Yearly vaccines - Polyvalent and rabies vaccine boosters. The rabies vaccine is mandatory across Spain, except in Catalonia, Galicia and the Basque Country. Most regions say that dogs need a yearly booster, but some allow it every two years instead. 

Keep in mind, even if you are in Catalonia, Galicia and the Basque Country vets recommend that you vaccinate your dog against rabies anyway, particularly if you are travelling with them to other regions. 

Optional vaccines - While the above vaccines are mostly mandatory, there are several others that are optional vaccines. These include canine hepatitis, canine leishmaniasis, leptospirosis, lyme disease and kennel cough. 

The leptospirosis vaccine is recommended for dogs who regularly visit forested areas and it protects them for at least 12 months.

READ ALSO - Renting in Spain when you have a pet: What are my rights?


Which vaccines do cats need in Spain? Photo: Kari Shea / Unsplash

Although more people own dogs in Spain, there are still around 5.4 million cats according to the National Association of Pet Food Manufacturers. If you're a cat person then you'll need to know about the vaccines that your feline friends need too. 

Feline parvovirus: Also known as feline panleukopenia, the virus causes diarrhoea, vomiting, and fever and can be severe, especially in kittens. 

Herpesvirus: Also known as feline viral rhinotracheitis (FVR), this is a highly infectious disease caused by feline herpesvirus type-1 and is one of the major causes of upper respiratory infections and eye infections in cats. 


Calicivirus: Feline calicivirus is an infection that causes upper respiratory infections as well as oral diseases in cats. 

Kittens need their first vaccines aged six weeks and another dose around 16 weeks this is for all three vaccines - parvovirus, herpesvirus and calicivirus.

One important optional vaccine is for the prevention of feline leukemia, which can be fatal. If you've adopted a cat or kitten, it's important to test to find out if the cat is seropositive or not.
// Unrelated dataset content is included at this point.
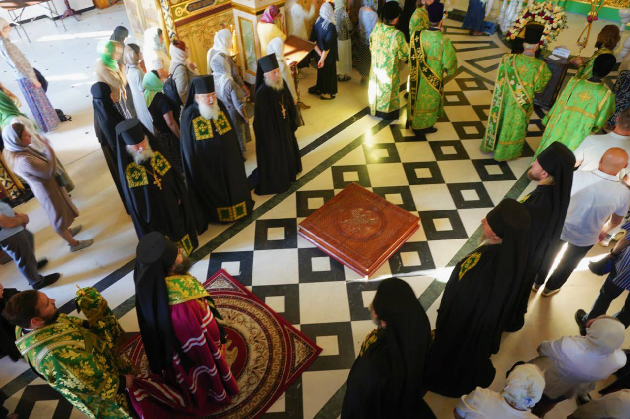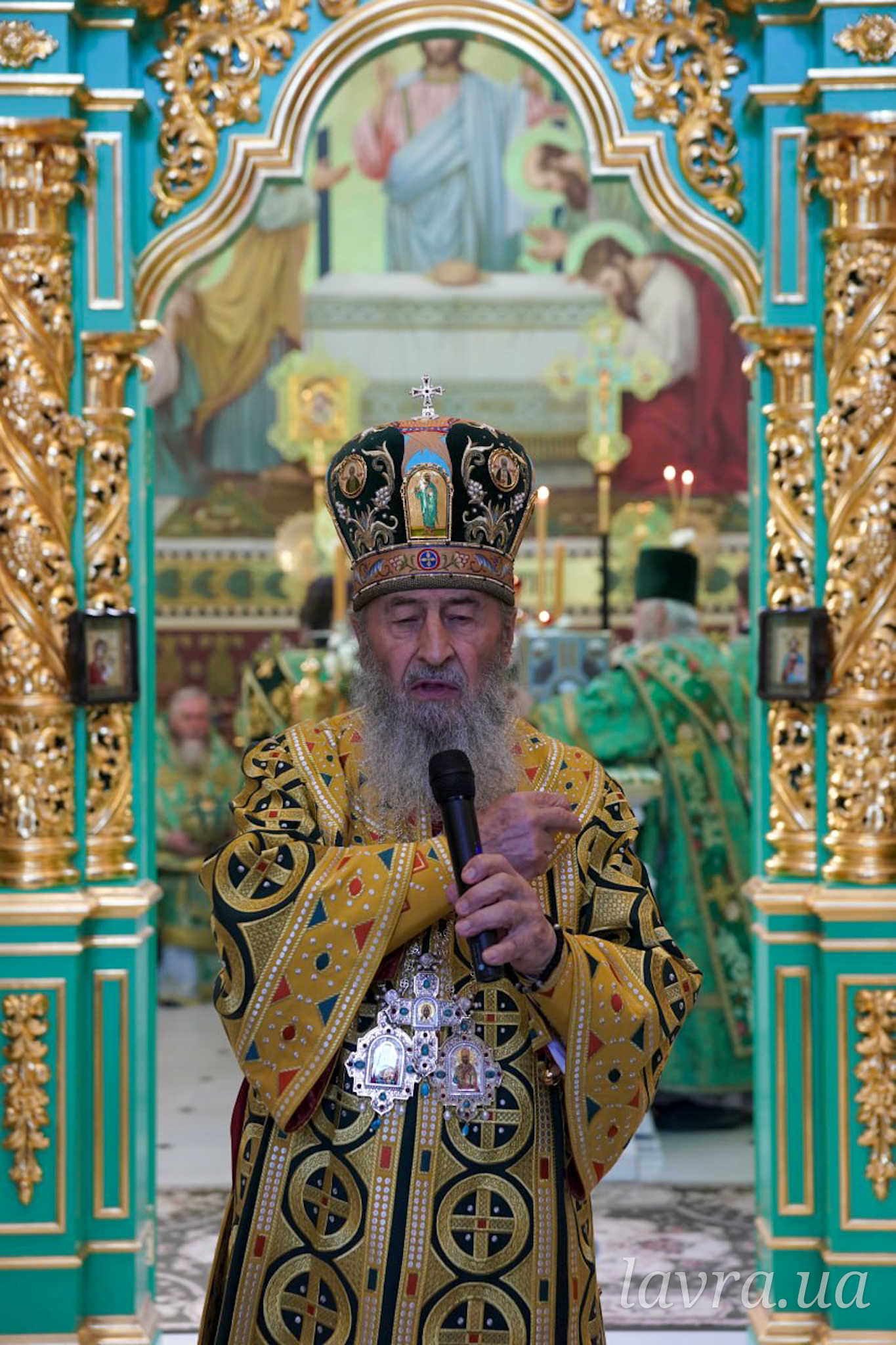 После чтения Евангелия Первосвятитель обратился к пастве с архипастырским словом, напомнив о подвиге угодников Божиих, почивающих в Дальних пещерах Лавры.
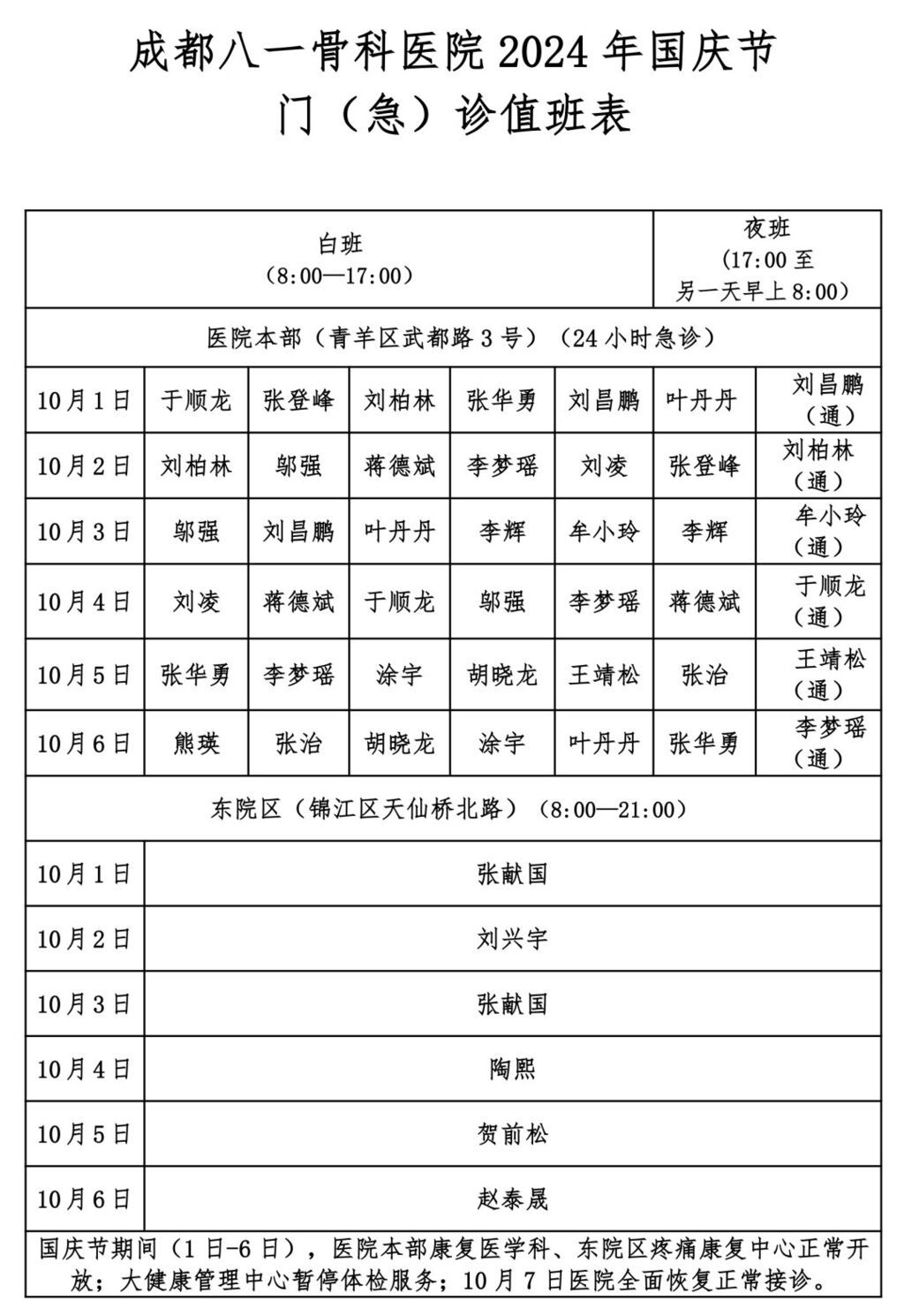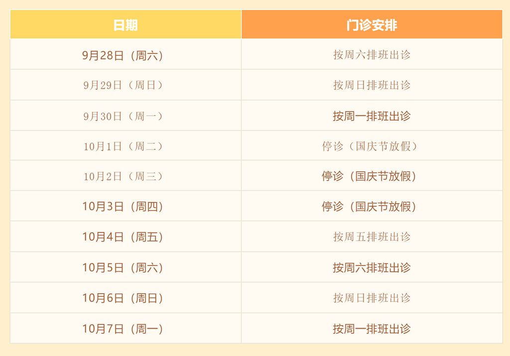 国庆节假期(10月1日—10月7日),门诊出诊安排如下:

It can be transmitted from the mother cat during pregnancy or while breastfeeding. It can also pass between cats if they lick each other or share water bowls for example. 

The legislation regarding rabies vaccine for cats is the same as for dogs.

Optional vaccines: Chlamydophila and leishmaniasis vaccines are not mandatory and are not always given to cats because they do not completely stop them from catching the illnesses, however, they do help with the symptoms. Chlamydophila is usually recommended for those who have several cats at home to help control the spread of the disease and is an infection of the eyes, while leishmaniasis is rare and is a parasitic disease that affects the skin.